++++ Supplied records

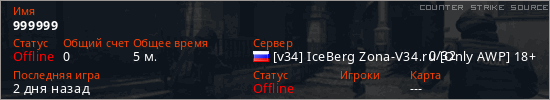 Играет на Counter Strike Source сервере. Страна: РоссияПервый раз замечен 16:56 16.03.2026
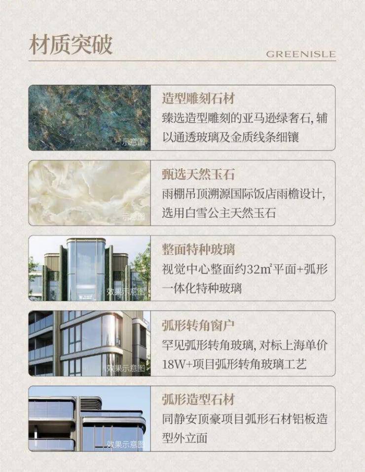 海派美学建筑:致敬邬达克、孙科别墅等海派经典,采用弧形玻璃、奢石门头、波浪铝板等高端工艺,立面颜值出众
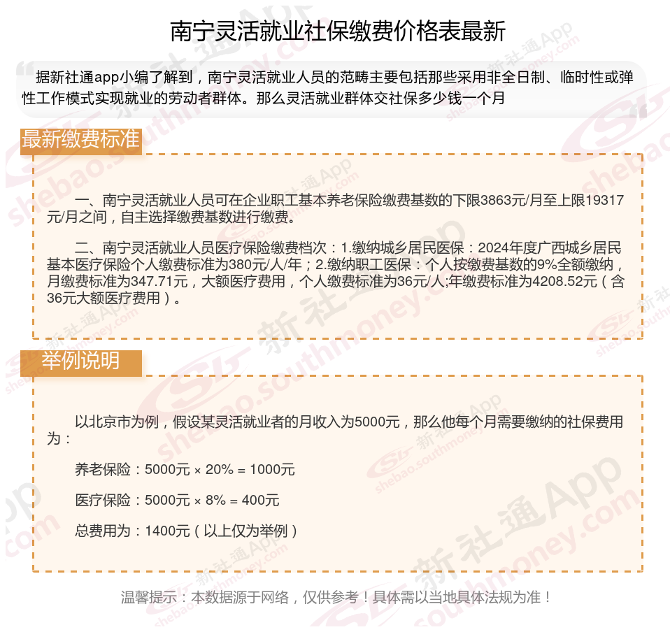 南宁灵活就业社保交多少钱?最新南宁灵活就业人员社保养老缴费标准明细来了,根据新社通app-社保缴费查询工具提供的2025社保缴费标准详情数据:
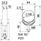 Clamping range D, max. 58 mm Clamping range D, min. 52 mm CO2 Footprint (GWP) Cradle-to-Gate 0,2925 kg CO2e / 1 Piece Dimension 52-58mm Dimension A 25 mm Dimension B 64 mm Dimension C 40 mm Dimension G (mm) M8 Dimension H 96 mm Dimension L 45 mm Dimension t 2,5 mm For pipe diameter, max. 58 mm For pipe diameter, min. 52 mm for rail with slot width (with interval), max. 17 mm for rail with slot width (with interval), min. 16 mm Halogen-free yes Height 96 mm Length 25 mm Length of external dimensions 40 mm Material Steel Material addition Steel Material of trough Plastic Material quality of trough Polypropylene Max. Tightening torque 5 Nm Mounting type Profile rail Number of cables/pipes 1 Plate thickness 2,5 mm Slot width 10 mm Surface Hot-dip galvanised Surface addition hot galvanised Thread M8 Width 64 mm With counter-trough no With plastic trough yes - All types
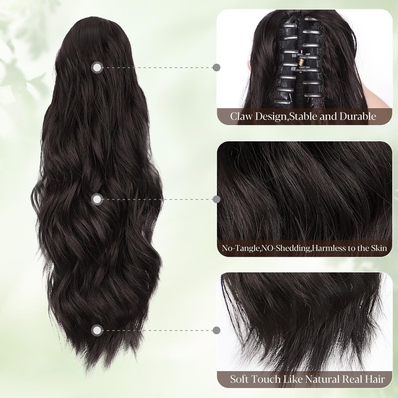 ALXNAN Ponytail Extension,16 Inch Claw Ponytail Hair Extensions for Women,Claw Clip in Long Wavy Synthetic Black Brown Ponytail Extension for Daily Use.
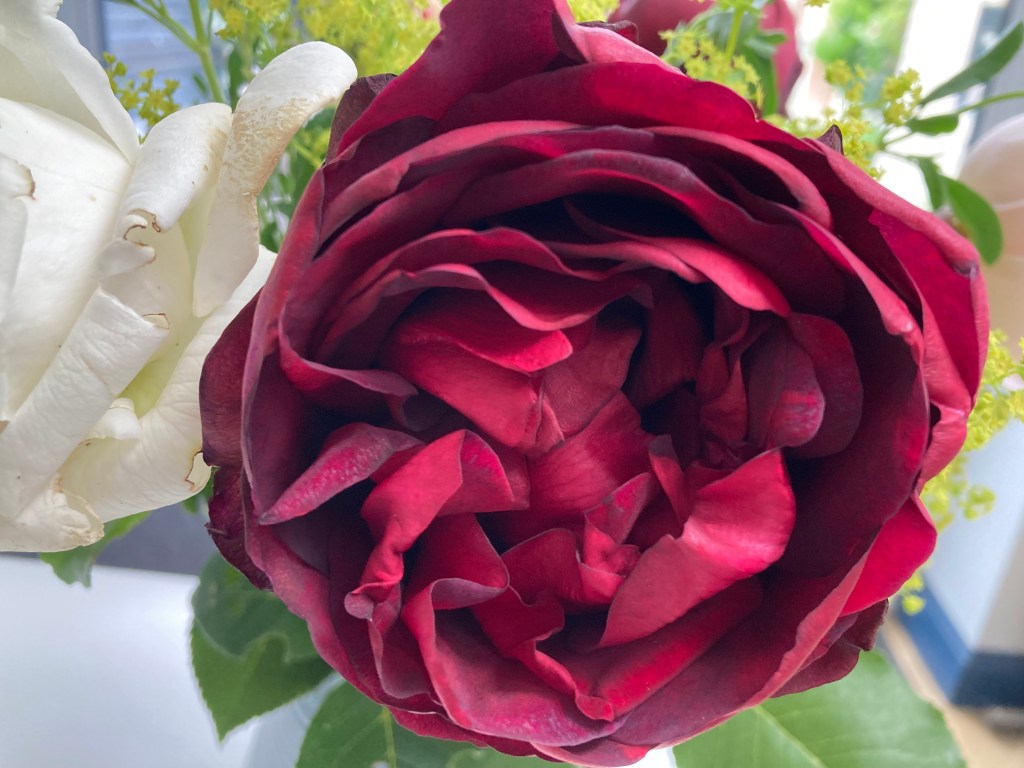 How lovely to have a rose walk on your allotment, especially with the extra space I assume you have got. Is it nearer where you live? My Grannie gave me (as a child) a book about the story of the ‘Peace’ rose, which involved the Meilland family, so my ears pricked up at the mention of Papa Meilland. Such beautiful roses today, Sharon, and with more alchemilla than I used it really sets them off
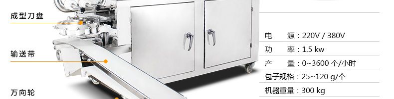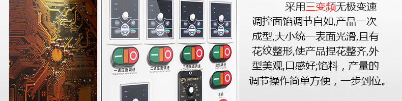 ?三變頻無極變速調控,生產速度、制品大小、內餡含量及生產產量皆可隨意調控;
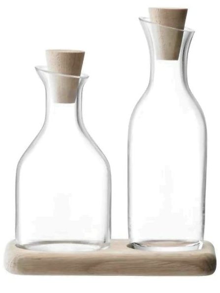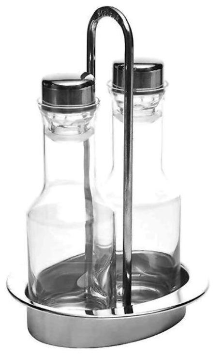 Un ensemble strict mais élégant de verre et de métal n'est pas une honte à mettre sur la table même dans un restaurant à la mode. Le diamètre des bouteilles est de 13,8 cm.L'acier inoxydable, à partir duquel le support et une partie des bouchons sont fabriqués, résiste aux rayures et aux effets de la température et conserve sa présentation pendant longtemps.
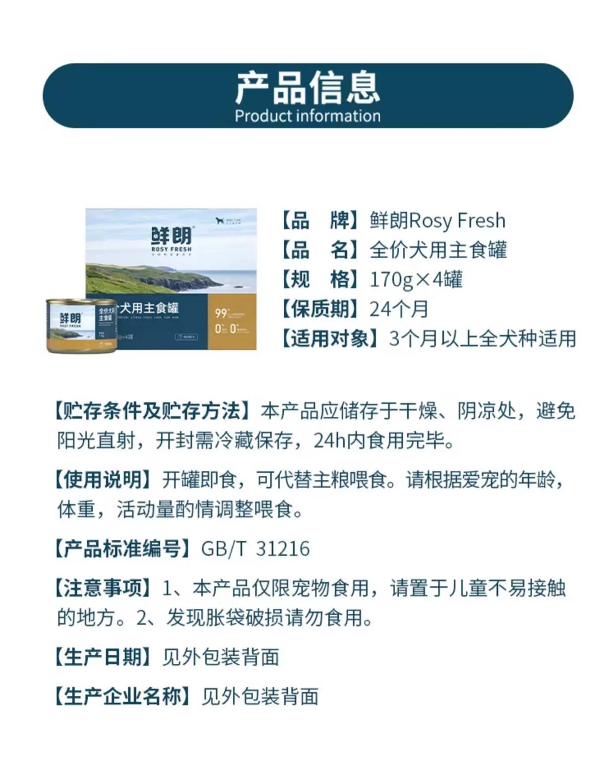 ROSY FRESH鲜朗 全价犬用主食罐 170g
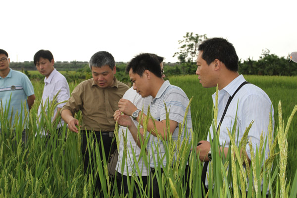 考察現場,大伙的目光都被兩個1128吸引住,從株葉型態到長勢長相,從每穗粒數到結實率(兩個品種結實率均超過90%),無不令人折服。同時,隆平的其他后續品種,如廣占2010、P88S/1812、培矮64S/1815等組合,在示范田里也嶄露頭角,優勢相當明顯。
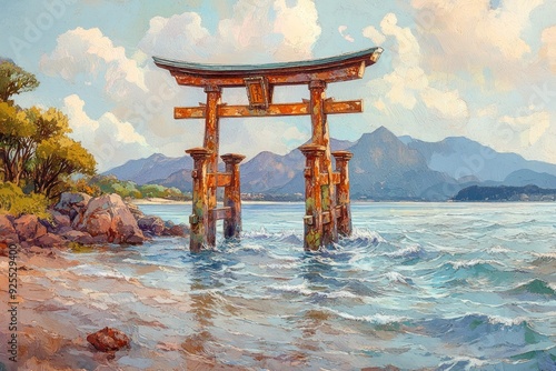 Torii Gate Seaside Shrine Shinto Religion Spiritual Symbol
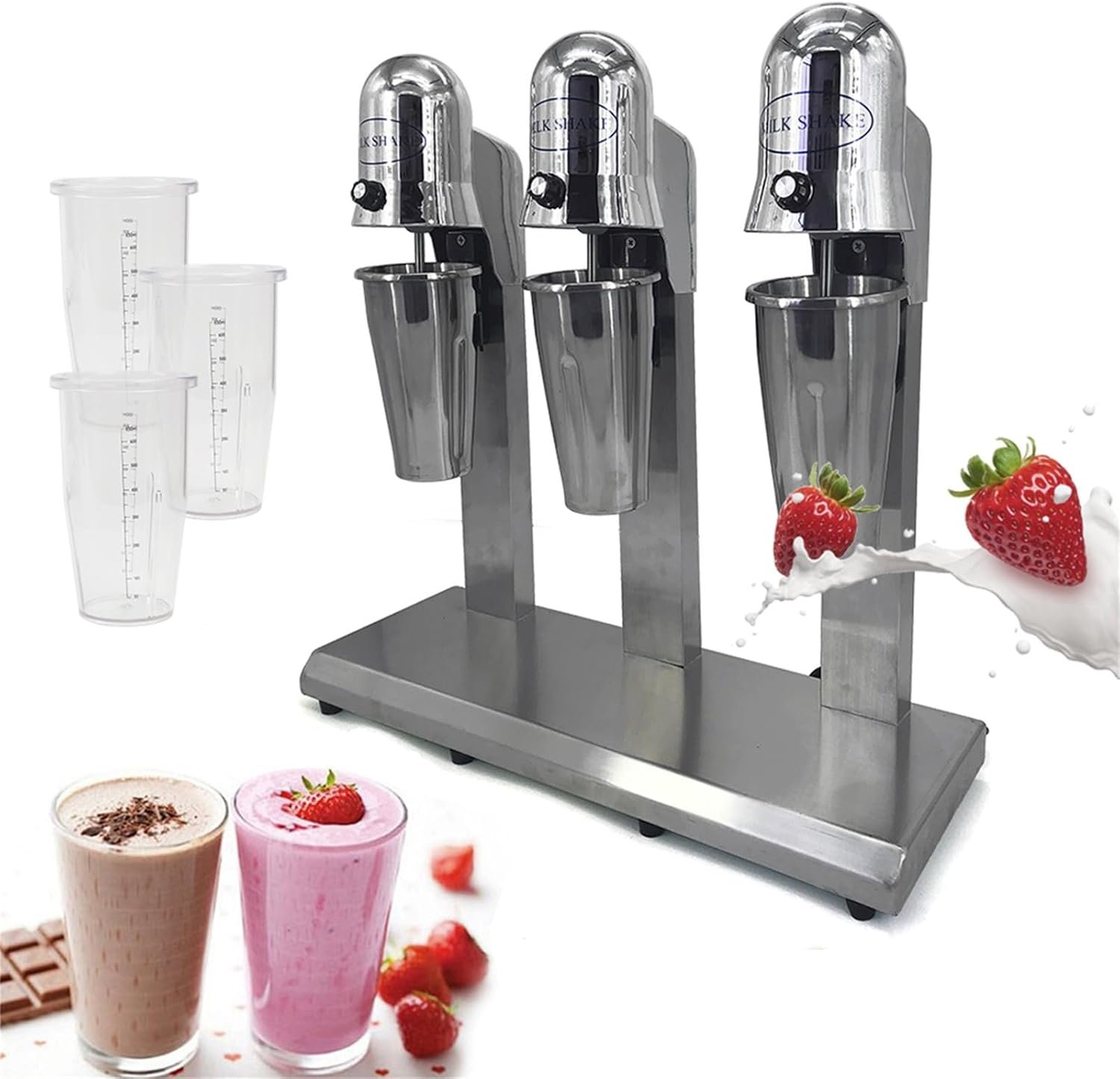 Milkshake Machine, Electric Milkshake Maker Machine Commercial 3 Head Milkshake Ice Cream Mixer Stainless Steel Drink Mixer with 3 Drawing Cup 110V 60Hz 18000RMP
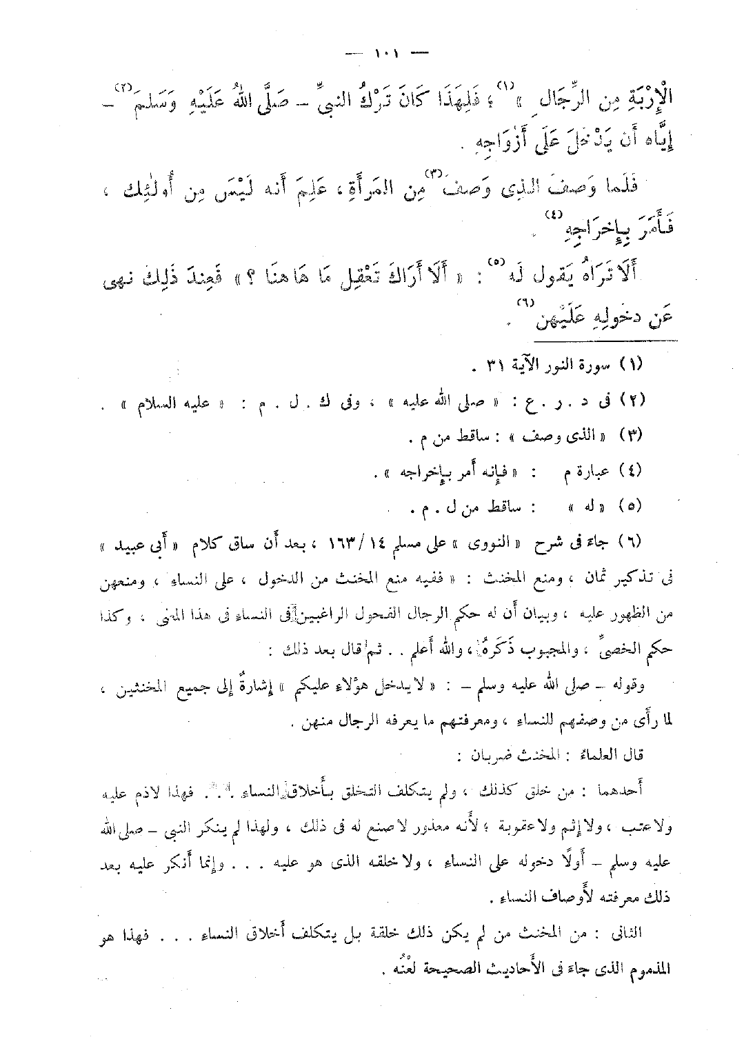 الإربة من الرِّجال"؛ فلهذا كان ترك النبىّ -صلّى الله عليه وسلم- إيَّاه أن يدخل على أواجه.
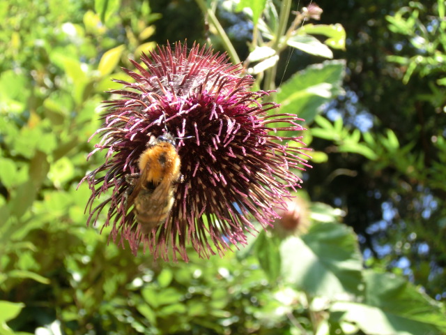 オヤマボクチ 雄山火口 は今が花の最盛期で蜂が忙しく蜜を集めてます
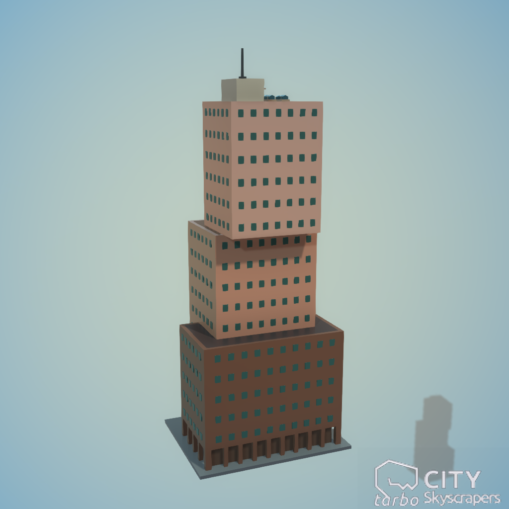 From the Tarbo - City 'Skyscrapers' Pack Collection A low poly asset pack of Skyscrapers in a polygonal style. Modular parts easy to piece together in a variety of combinations to create your personal city environment. Search Tarbo Studio in the Furniture Tab for more from this collection.

++++++++

Starting with the first line of the material above and ending with the line that holds "Un ensemble strict", write out those lines exactly, without pictures.

- **Solution below**
 Играет на Counter Strike Source сервере. Страна: РоссияПервый раз замечен 16:56 16.03.2026
 海派美学建筑:致敬邬达克、孙科别墅等海派经典,采用弧形玻璃、奢石门头、波浪铝板等高端工艺,立面颜值出众
 南宁灵活就业社保交多少钱?最新南宁灵活就业人员社保养老缴费标准明细来了,根据新社通app-社保缴费查询工具提供的2025社保缴费标准详情数据:
 Clamping range D, max. 58 mm Clamping range D, min. 52 mm CO2 Footprint (GWP) Cradle-to-Gate 0,2925 kg CO2e / 1 Piece Dimension 52-58mm Dimension A 25 mm Dimension B 64 mm Dimension C 40 mm Dimension G (mm) M8 Dimension H 96 mm Dimension L 45 mm Dimension t 2,5 mm For pipe diameter, max. 58 mm For pipe diameter, min. 52 mm for rail with slot width (with interval), max. 17 mm for rail with slot width (with interval), min. 16 mm Halogen-free yes Height 96 mm Length 25 mm Length of external dimensions 40 mm Material Steel Material addition Steel Material of trough Plastic Material quality of trough Polypropylene Max. Tightening torque 5 Nm Mounting type Profile rail Number of cables/pipes 1 Plate thickness 2,5 mm Slot width 10 mm Surface Hot-dip galvanised Surface addition hot galvanised Thread M8 Width 64 mm With counter-trough no With plastic trough yes - All types
 ALXNAN Ponytail Extension,16 Inch Claw Ponytail Hair Extensions for Women,Claw Clip in Long Wavy Synthetic Black Brown Ponytail Extension for Daily Use.
 How lovely to have a rose walk on your allotment, especially with the extra space I assume you have got. Is it nearer where you live? My Grannie gave me (as a child) a book about the story of the ‘Peace’ rose, which involved the Meilland family, so my ears pricked up at the mention of Papa Meilland. Such beautiful roses today, Sharon, and with more alchemilla than I used it really sets them off
 ?三變頻無極變速調控,生產速度、制品大小、內餡含量及生產產量皆可隨意調控;
 Un ensemble strict mais élégant de verre et de métal n'est pas une honte à mettre sur la table même dans un restaurant à la mode. Le diamètre des bouteilles est de 13,8 cm.L'acier inoxydable, à partir duquel le support et une partie des bouchons sont fabriqués, résiste aux rayures et aux effets de la température et conserve sa présentation pendant longtemps.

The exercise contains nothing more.